## Problem statement
Set out exactly every line of the entries below, starting at the line that holds "成都大運(yùn)會中國代表" and stopping after the line that holds "Los capitanes del".

## Provided data
+ + + + + + +

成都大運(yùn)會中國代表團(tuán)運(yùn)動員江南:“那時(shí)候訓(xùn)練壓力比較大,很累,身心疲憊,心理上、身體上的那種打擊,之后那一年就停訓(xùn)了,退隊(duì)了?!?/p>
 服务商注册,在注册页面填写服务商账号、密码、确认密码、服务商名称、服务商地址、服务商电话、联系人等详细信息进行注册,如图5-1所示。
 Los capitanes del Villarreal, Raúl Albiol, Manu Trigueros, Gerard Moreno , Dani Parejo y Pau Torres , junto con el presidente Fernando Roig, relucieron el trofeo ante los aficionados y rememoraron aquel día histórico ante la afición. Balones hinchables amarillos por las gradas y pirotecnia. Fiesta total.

+ + + + + + +

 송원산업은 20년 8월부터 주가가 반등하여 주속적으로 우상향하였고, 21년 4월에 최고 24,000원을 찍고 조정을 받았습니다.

+ + + + + + +

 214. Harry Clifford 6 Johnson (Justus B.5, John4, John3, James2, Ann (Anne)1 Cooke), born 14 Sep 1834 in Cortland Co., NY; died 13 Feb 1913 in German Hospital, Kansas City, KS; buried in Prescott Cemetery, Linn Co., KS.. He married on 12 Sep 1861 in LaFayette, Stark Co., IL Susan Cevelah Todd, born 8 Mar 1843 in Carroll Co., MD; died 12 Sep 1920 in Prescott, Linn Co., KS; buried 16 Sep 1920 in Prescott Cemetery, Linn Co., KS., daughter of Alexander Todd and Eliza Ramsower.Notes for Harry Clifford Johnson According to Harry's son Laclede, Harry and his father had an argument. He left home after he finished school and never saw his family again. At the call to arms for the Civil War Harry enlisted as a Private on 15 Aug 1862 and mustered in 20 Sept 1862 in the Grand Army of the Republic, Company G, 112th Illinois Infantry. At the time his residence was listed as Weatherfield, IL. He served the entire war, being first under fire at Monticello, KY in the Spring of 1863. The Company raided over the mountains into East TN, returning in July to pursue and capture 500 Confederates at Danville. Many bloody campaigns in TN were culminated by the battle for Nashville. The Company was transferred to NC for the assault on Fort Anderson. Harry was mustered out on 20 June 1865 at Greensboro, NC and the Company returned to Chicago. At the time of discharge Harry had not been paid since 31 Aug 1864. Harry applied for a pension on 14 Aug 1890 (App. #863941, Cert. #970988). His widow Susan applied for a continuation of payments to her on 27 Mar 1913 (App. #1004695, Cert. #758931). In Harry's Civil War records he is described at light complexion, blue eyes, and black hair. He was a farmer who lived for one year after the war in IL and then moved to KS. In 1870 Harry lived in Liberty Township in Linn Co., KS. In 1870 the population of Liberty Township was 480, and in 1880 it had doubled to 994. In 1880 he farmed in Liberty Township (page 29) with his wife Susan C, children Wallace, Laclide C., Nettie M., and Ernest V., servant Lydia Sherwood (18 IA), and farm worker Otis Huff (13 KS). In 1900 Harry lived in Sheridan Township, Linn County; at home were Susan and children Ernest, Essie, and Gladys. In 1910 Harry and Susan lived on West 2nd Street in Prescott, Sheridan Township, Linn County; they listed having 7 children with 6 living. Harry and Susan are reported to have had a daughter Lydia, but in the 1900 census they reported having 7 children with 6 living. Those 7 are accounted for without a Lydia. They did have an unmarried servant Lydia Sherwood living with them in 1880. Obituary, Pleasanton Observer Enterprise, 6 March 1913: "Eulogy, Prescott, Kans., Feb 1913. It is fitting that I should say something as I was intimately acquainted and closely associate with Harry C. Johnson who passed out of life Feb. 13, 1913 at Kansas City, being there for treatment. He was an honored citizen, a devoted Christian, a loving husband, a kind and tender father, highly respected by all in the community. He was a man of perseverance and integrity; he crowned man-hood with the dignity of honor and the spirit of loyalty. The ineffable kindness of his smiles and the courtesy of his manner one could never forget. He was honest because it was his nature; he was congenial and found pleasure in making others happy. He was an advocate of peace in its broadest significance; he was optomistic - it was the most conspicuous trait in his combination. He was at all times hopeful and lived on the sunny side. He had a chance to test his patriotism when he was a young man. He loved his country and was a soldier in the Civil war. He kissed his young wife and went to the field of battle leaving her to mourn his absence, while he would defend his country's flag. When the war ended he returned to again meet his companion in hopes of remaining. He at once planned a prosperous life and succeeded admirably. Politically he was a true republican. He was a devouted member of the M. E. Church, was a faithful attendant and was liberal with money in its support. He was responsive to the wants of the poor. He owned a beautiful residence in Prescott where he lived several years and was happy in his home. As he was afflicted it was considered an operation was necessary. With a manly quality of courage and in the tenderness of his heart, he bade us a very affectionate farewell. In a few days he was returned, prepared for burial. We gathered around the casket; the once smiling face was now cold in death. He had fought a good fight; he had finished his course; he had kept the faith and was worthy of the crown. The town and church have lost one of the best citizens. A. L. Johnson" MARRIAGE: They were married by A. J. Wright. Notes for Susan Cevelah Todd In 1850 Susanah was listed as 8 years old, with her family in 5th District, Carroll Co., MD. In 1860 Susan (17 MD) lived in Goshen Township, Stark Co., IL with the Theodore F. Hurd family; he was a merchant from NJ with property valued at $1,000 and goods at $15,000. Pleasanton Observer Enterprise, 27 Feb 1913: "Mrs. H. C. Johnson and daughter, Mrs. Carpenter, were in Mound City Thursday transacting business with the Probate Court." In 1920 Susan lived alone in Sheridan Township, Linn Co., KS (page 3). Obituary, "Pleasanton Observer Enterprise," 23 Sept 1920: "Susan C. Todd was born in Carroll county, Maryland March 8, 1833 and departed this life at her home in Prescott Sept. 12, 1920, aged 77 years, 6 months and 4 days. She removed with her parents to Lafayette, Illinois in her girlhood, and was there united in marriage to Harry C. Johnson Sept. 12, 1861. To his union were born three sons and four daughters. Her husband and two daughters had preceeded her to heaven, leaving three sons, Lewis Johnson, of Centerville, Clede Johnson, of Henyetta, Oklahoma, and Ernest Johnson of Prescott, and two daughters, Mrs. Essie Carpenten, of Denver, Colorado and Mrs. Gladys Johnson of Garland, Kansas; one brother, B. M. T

+ + + + + + +

## Expected answer
成都大運(yùn)會中國代表團(tuán)運(yùn)動員江南:“那時(shí)候訓(xùn)練壓力比較大,很累,身心疲憊,心理上、身體上的那種打擊,之后那一年就停訓(xùn)了,退隊(duì)了?!?/p>
 服务商注册,在注册页面填写服务商账号、密码、确认密码、服务商名称、服务商地址、服务商电话、联系人等详细信息进行注册,如图5-1所示。
 Los capitanes del Villarreal, Raúl Albiol, Manu Trigueros, Gerard Moreno , Dani Parejo y Pau Torres , junto con el presidente Fernando Roig, relucieron el trofeo ante los aficionados y rememoraron aquel día histórico ante la afición. Balones hinchables amarillos por las gradas y pirotecnia. Fiesta total.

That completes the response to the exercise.